Community Conversation => Transsexual talk => Female to male transsexual talk (FTM) => Topic started by: DamagedChris on September 02, 2009, 11:00:03 PM

Title: A quick hypothetical
Post by: DamagedChris on September 02, 2009, 11:00:03 PM
Was curious on people's thoughts on this.

Let's say you complete transition, srs and all, live as your rightful gender 24-7 both at home and socially for some time and no one can tell you from bio guys (or girls for those reading)...you meet a significant other. Would you tell that sig other your former gender and about your transition? Or would just just continue on living as you are?
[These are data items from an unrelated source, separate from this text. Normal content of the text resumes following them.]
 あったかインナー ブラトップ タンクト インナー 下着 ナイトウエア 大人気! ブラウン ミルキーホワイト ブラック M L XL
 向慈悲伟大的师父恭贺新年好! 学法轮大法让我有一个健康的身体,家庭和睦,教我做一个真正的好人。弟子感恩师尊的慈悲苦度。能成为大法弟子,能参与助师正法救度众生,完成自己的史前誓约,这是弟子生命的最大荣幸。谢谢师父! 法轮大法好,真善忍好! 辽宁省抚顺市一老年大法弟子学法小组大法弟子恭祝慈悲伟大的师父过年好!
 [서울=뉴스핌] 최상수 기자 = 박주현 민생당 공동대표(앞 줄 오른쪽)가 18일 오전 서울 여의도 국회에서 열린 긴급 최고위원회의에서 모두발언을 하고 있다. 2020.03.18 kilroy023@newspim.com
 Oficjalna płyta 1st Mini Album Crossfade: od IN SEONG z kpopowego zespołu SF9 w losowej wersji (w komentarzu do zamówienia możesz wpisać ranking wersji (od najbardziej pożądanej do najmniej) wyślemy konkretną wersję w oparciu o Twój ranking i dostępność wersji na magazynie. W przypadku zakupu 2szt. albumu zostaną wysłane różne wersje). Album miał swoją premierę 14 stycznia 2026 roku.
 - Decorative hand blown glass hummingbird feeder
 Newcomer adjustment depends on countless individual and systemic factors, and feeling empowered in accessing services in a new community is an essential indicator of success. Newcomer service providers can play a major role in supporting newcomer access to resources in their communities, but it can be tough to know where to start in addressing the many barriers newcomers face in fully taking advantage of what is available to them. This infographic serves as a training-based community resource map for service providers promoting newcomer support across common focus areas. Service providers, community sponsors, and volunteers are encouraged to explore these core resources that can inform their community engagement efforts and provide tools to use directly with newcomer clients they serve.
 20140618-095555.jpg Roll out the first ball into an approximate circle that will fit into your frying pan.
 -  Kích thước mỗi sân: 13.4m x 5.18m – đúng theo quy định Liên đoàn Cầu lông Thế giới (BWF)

(and yes I know that surgery doesn't give you fantastic results, but i'm sure with a bit of creativity you could pass in bed too...was a jazz singer that was ftm that passed pre-op til the day he died, much to his wife and adopted children's surprise)
Title: Re: A quick hypothetical
Post by: Vancha on September 02, 2009, 11:59:52 PM
I would tell even someone I just casually dated, although I might be less than blunt about it.  I would probably say I had hormonal issues when I was a child and had to have some things surgically corrected because of it.  It's just the whole "transsexual" thing that gets people to thinking someone is not the gender they are presenting as.  If it was someone I married, I think I would definitely tell them everything.  I just think if someone were that important, I'd hope I'd picked them well enough for them to be accepting about anything I told them about myself.  It's interesting that a pre-op FTM wouldn't give himself away.  I mean, what with the usual aspect of chest tumors.  There are always exceptions, though, and it gets me to wondering.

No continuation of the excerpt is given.